WHAT YOU WILL DO:
Repeat the data exactly. Pictures are not part of the copy.

RAW DATA:
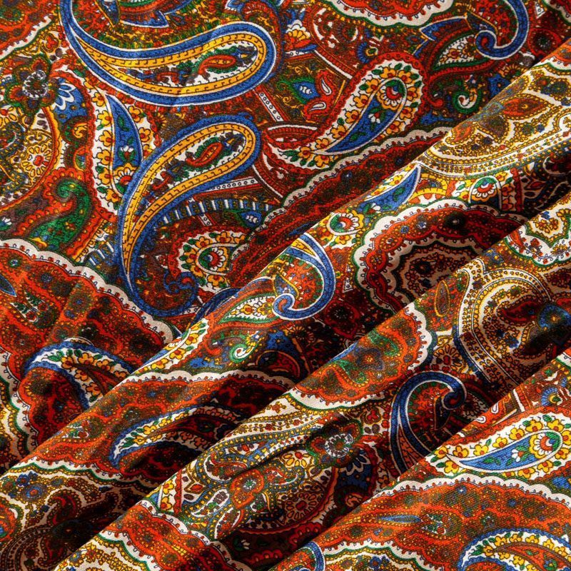 Плотная и мягкая ткань бежевого оттенка с богатым узором пейсли в желто-коричневых тонах, имеет саржевое плетение и характерный диагональный рубчик на поверхности. Отлично сохраняет форму, не сильно мнется и не деформируется в процессе эксплуатации. Красиво ложится в складки, поэтому прекрасно подойдет на длинные драпированные юбки и платья, на свободные брюки или шорты, топы, комбинезоны, а также для домашней одежды.
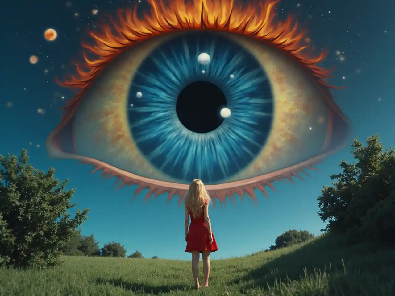 ArsMovieStill, l'image d'un film psychédélique des années 60, l'image est une œuvre d'art numérique, qui semble être la représentation surréaliste d'un œil. Les yeux sont au centre de l'image, avec un iris bleu et une pupille noire. L'iris est entouré d'une lumière orange et jaune incandescente représentant la couleur du ciel. Le fond est bleu foncé, avec des étoiles et des planètes éparpillées un peu partout. Au premier plan, il y a une jeune fille debout sur une colline, tournant le dos au public et regardant le ciel, avec une expression onirique sur son visage. Elle porte une robe rouge et de longs cheveux blonds. La colline est pleine de verdure, avec des arbres et des arbustes des deux côtés. Le ciel est plein d'étoiles, créant une atmosphère belle et sereine. La palette générale est dynamique, les tons bleu-orange et jaune oniriques., 1girl, ciel, extérieur, cheveux longs, solo, étoile (ciel), paysage, debout, arbre, herbe
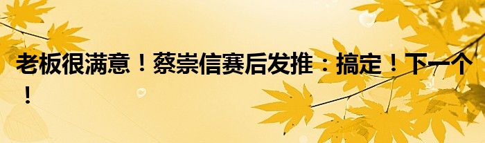 籃網老板蔡崇信賽后發推寫道:“搞定!下一個!”

SOLUTION TO THE PROBLEM:
 Плотная и мягкая ткань бежевого оттенка с богатым узором пейсли в желто-коричневых тонах, имеет саржевое плетение и характерный диагональный рубчик на поверхности. Отлично сохраняет форму, не сильно мнется и не деформируется в процессе эксплуатации. Красиво ложится в складки, поэтому прекрасно подойдет на длинные драпированные юбки и платья, на свободные брюки или шорты, топы, комбинезоны, а также для домашней одежды.
 ArsMovieStill, l'image d'un film psychédélique des années 60, l'image est une œuvre d'art numérique, qui semble être la représentation surréaliste d'un œil. Les yeux sont au centre de l'image, avec un iris bleu et une pupille noire. L'iris est entouré d'une lumière orange et jaune incandescente représentant la couleur du ciel. Le fond est bleu foncé, avec des étoiles et des planètes éparpillées un peu partout. Au premier plan, il y a une jeune fille debout sur une colline, tournant le dos au public et regardant le ciel, avec une expression onirique sur son visage. Elle porte une robe rouge et de longs cheveux blonds. La colline est pleine de verdure, avec des arbres et des arbustes des deux côtés. Le ciel est plein d'étoiles, créant une atmosphère belle et sereine. La palette générale est dynamique, les tons bleu-orange et jaune oniriques., 1girl, ciel, extérieur, cheveux longs, solo, étoile (ciel), paysage, debout, arbre, herbe
 籃網老板蔡崇信賽后發推寫道:“搞定!下一個!”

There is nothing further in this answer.